**DATA**
|---|

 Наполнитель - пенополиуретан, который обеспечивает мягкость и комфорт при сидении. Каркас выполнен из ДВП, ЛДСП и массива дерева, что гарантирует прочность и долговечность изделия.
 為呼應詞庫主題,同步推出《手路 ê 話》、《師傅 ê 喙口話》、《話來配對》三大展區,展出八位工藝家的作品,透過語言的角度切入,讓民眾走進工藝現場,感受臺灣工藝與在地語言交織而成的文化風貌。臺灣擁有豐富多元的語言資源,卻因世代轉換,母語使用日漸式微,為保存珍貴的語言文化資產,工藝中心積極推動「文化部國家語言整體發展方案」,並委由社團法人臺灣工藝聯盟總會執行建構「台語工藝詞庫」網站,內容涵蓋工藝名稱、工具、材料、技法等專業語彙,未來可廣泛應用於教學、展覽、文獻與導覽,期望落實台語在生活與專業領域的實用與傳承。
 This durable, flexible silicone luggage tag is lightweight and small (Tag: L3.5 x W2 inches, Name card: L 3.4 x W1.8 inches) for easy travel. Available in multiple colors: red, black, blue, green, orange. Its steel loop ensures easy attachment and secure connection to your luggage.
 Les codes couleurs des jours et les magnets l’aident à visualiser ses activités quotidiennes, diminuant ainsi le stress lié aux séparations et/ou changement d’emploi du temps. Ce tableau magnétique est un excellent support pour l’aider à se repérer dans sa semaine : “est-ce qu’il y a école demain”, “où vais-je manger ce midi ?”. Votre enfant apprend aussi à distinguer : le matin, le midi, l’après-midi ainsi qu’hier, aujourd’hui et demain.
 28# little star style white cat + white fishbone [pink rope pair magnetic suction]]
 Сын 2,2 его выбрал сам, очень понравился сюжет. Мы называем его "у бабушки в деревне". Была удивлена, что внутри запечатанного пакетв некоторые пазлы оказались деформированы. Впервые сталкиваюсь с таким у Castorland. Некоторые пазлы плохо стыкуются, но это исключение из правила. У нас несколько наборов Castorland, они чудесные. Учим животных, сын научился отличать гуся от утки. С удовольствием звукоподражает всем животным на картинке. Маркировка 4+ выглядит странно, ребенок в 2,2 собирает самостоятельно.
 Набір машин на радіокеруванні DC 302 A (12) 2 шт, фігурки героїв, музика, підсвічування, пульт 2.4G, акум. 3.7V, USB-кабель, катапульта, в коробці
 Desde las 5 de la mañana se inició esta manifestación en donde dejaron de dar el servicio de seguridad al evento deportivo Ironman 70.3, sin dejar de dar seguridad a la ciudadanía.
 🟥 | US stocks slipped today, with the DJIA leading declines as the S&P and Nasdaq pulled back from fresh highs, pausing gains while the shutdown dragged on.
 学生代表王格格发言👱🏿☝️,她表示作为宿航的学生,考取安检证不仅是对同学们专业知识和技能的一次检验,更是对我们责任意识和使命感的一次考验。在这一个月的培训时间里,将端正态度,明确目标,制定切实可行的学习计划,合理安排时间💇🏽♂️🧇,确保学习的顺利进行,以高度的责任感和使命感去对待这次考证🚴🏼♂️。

|---|

**GOAL OF THE EXERCISE**
Output the listing exactly.

**ANSWER TO THE PROBLEM**
 Наполнитель - пенополиуретан, который обеспечивает мягкость и комфорт при сидении. Каркас выполнен из ДВП, ЛДСП и массива дерева, что гарантирует прочность и долговечность изделия.
 為呼應詞庫主題,同步推出《手路 ê 話》、《師傅 ê 喙口話》、《話來配對》三大展區,展出八位工藝家的作品,透過語言的角度切入,讓民眾走進工藝現場,感受臺灣工藝與在地語言交織而成的文化風貌。臺灣擁有豐富多元的語言資源,卻因世代轉換,母語使用日漸式微,為保存珍貴的語言文化資產,工藝中心積極推動「文化部國家語言整體發展方案」,並委由社團法人臺灣工藝聯盟總會執行建構「台語工藝詞庫」網站,內容涵蓋工藝名稱、工具、材料、技法等專業語彙,未來可廣泛應用於教學、展覽、文獻與導覽,期望落實台語在生活與專業領域的實用與傳承。
 This durable, flexible silicone luggage tag is lightweight and small (Tag: L3.5 x W2 inches, Name card: L 3.4 x W1.8 inches) for easy travel. Available in multiple colors: red, black, blue, green, orange. Its steel loop ensures easy attachment and secure connection to your luggage.
 Les codes couleurs des jours et les magnets l’aident à visualiser ses activités quotidiennes, diminuant ainsi le stress lié aux séparations et/ou changement d’emploi du temps. Ce tableau magnétique est un excellent support pour l’aider à se repérer dans sa semaine : “est-ce qu’il y a école demain”, “où vais-je manger ce midi ?”. Votre enfant apprend aussi à distinguer : le matin, le midi, l’après-midi ainsi qu’hier, aujourd’hui et demain.
 28# little star style white cat + white fishbone [pink rope pair magnetic suction]]
 Сын 2,2 его выбрал сам, очень понравился сюжет. Мы называем его "у бабушки в деревне". Была удивлена, что внутри запечатанного пакетв некоторые пазлы оказались деформированы. Впервые сталкиваюсь с таким у Castorland. Некоторые пазлы плохо стыкуются, но это исключение из правила. У нас несколько наборов Castorland, они чудесные. Учим животных, сын научился отличать гуся от утки. С удовольствием звукоподражает всем животным на картинке. Маркировка 4+ выглядит странно, ребенок в 2,2 собирает самостоятельно.
 Набір машин на радіокеруванні DC 302 A (12) 2 шт, фігурки героїв, музика, підсвічування, пульт 2.4G, акум. 3.7V, USB-кабель, катапульта, в коробці
 Desde las 5 de la mañana se inició esta manifestación en donde dejaron de dar el servicio de seguridad al evento deportivo Ironman 70.3, sin dejar de dar seguridad a la ciudadanía.
 🟥 | US stocks slipped today, with the DJIA leading declines as the S&P and Nasdaq pulled back from fresh highs, pausing gains while the shutdown dragged on.
 学生代表王格格发言👱🏿☝️,她表示作为宿航的学生,考取安检证不仅是对同学们专业知识和技能的一次检验,更是对我们责任意识和使命感的一次考验。在这一个月的培训时间里,将端正态度,明确目标,制定切实可行的学习计划,合理安排时间💇🏽♂️🧇,确保学习的顺利进行,以高度的责任感和使命感去对待这次考证🚴🏼♂️。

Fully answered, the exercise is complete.